Comrades, the grave crisis in our Party life is dragging on and on, and no end is in sight. The strife keeps growing, breeding dispute after dispute, and the Party’s positive work all along the line is hampered by it to the utmost. The energies of the Party, still young and not yet consolidated, are being grievously dissipated.

Yet the present historical juncture makes vast demands on the Party, vaster than ever before. The revolutionary unrest among the working class is growing, and so is the ferment among other sections of society; the war and crisis, starvation and unemployment are with elemental and inevitable force undermining the foundations of the autocracy. A shameful end to the shameful war is not far off; and it is bound to heighten the revolutionary unrest still more, it is bound to bring the working class face to face with its enemies, and it will require of the Social-Democrats tremendous effort, a colossal exertion of energy to organise the last decisive fight against the autocracy.

Is our Party equal to these demands in its present condition? Every honest man will unhesitatingly answer: No!

The unity of the Party has been deeply undermined, its internal struggle has gone beyond all party bounds. Organised discipline has been shaken to its very foundations, and   the Party’s capacity for harmonious and united action is fading into a mere dream.

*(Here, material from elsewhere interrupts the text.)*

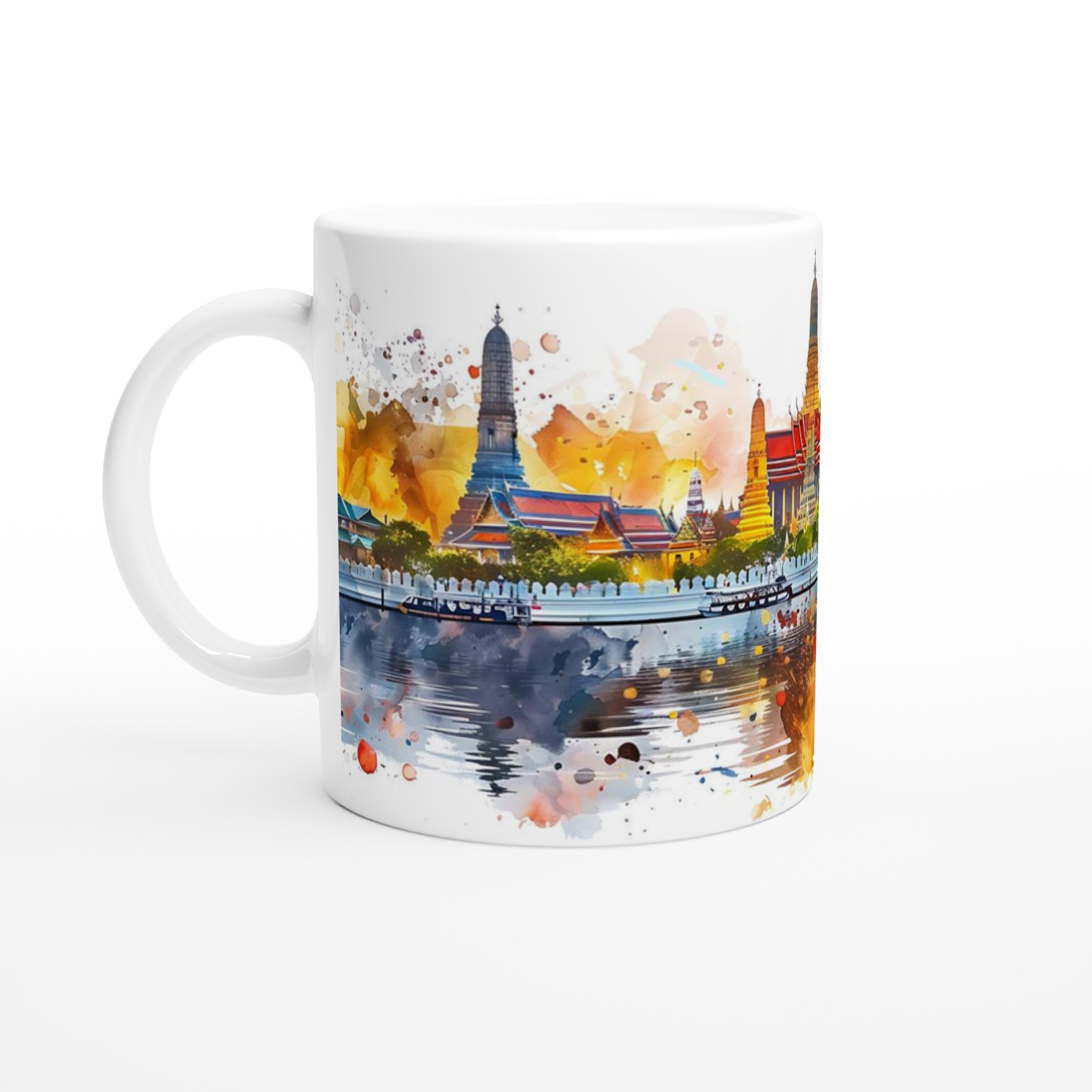 Fånga den pulserande energin och den storslagna skönheten i Bangkoks skyline med vår unika akvarellmugg. Varje detalj av stadens ikoniska arkitektur och det glittrande vattnet är omsorgsfullt återgivet med livfulla färger och en konstnärlig touch, perfekt för den som älskar resor, konst eller den thailändska kulturen. Det konstnärliga trycket ger en känsla av lugn och inspiration till varje klunk.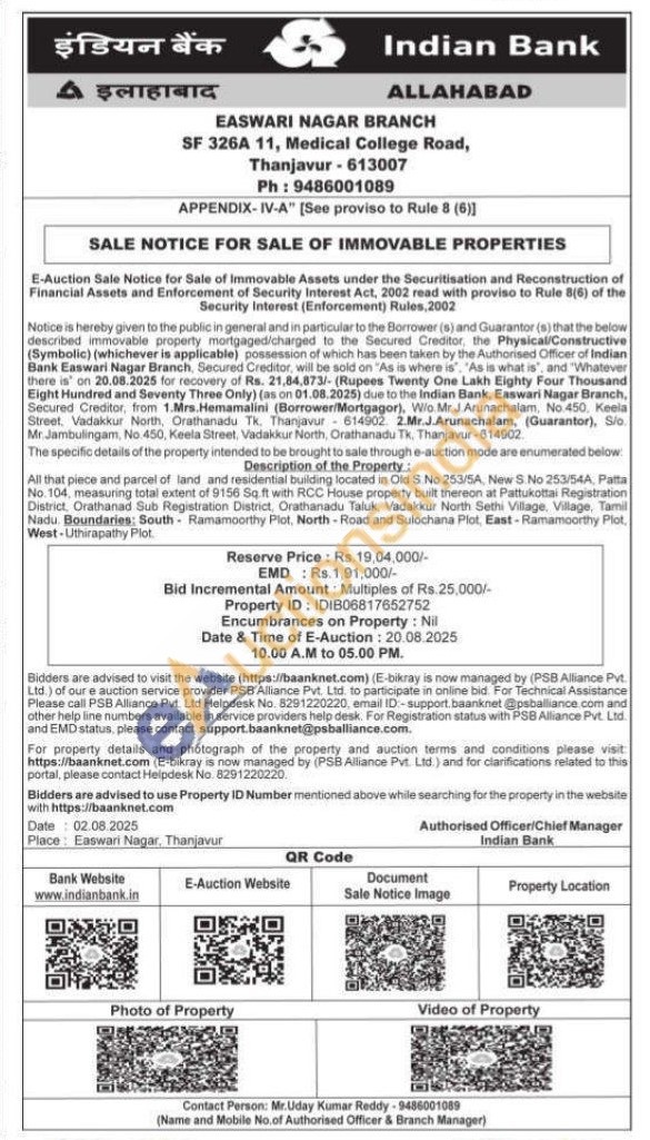 All that piece and parcel of land and residential building located in Old S. No 253/5A, New S No 253/54A, Patta No. 104, measuring total extent of 9156 Sq.ft with RCC House property built thereon at Pattukottai Registration District, Orathanad Sub Registration District, Orathanadu Taluk, Vadakkur North Sethi Village, Village, Tamil Nadu. Boundaries: South Ramamoorthy Plot, North-Road and Sulochana Plot, East-Ramamoorthy Plot, West Uthirapathy Plot

Nonetheless, we regard the Party’s sickness as a matter of growing pains. We consider that the underlying cause of the crisis is the transition from, the circle form to party forms of the life of Social-Democracy; the essence of its internal struggle is a conflict between the circle spirit and the party spirit. And, consequently, only by shaking off this sickness can our Party become a real party.

Under the name of the Party “minority” there have united a variety of elements who are linked by a conscious or unconscious desire to preserve circle relationships, pre-party forms of organisation.

Certain prominent figures in the more influential of the former circles, unaccustomed to the organisational self- limitations which Party discipline demands, are inclined from force of habit to confuse their own circle interests with the general Party interests, with which in the period of the circles they may in many cases indeed have coincided. A number of these people (part of the former Iskra editorial board, part of the former Organising Committee, the members of the former Yuzhny Rabochy group, and others) have been the leaders in a struggle on behalf of the circle spirit as against the party spirit.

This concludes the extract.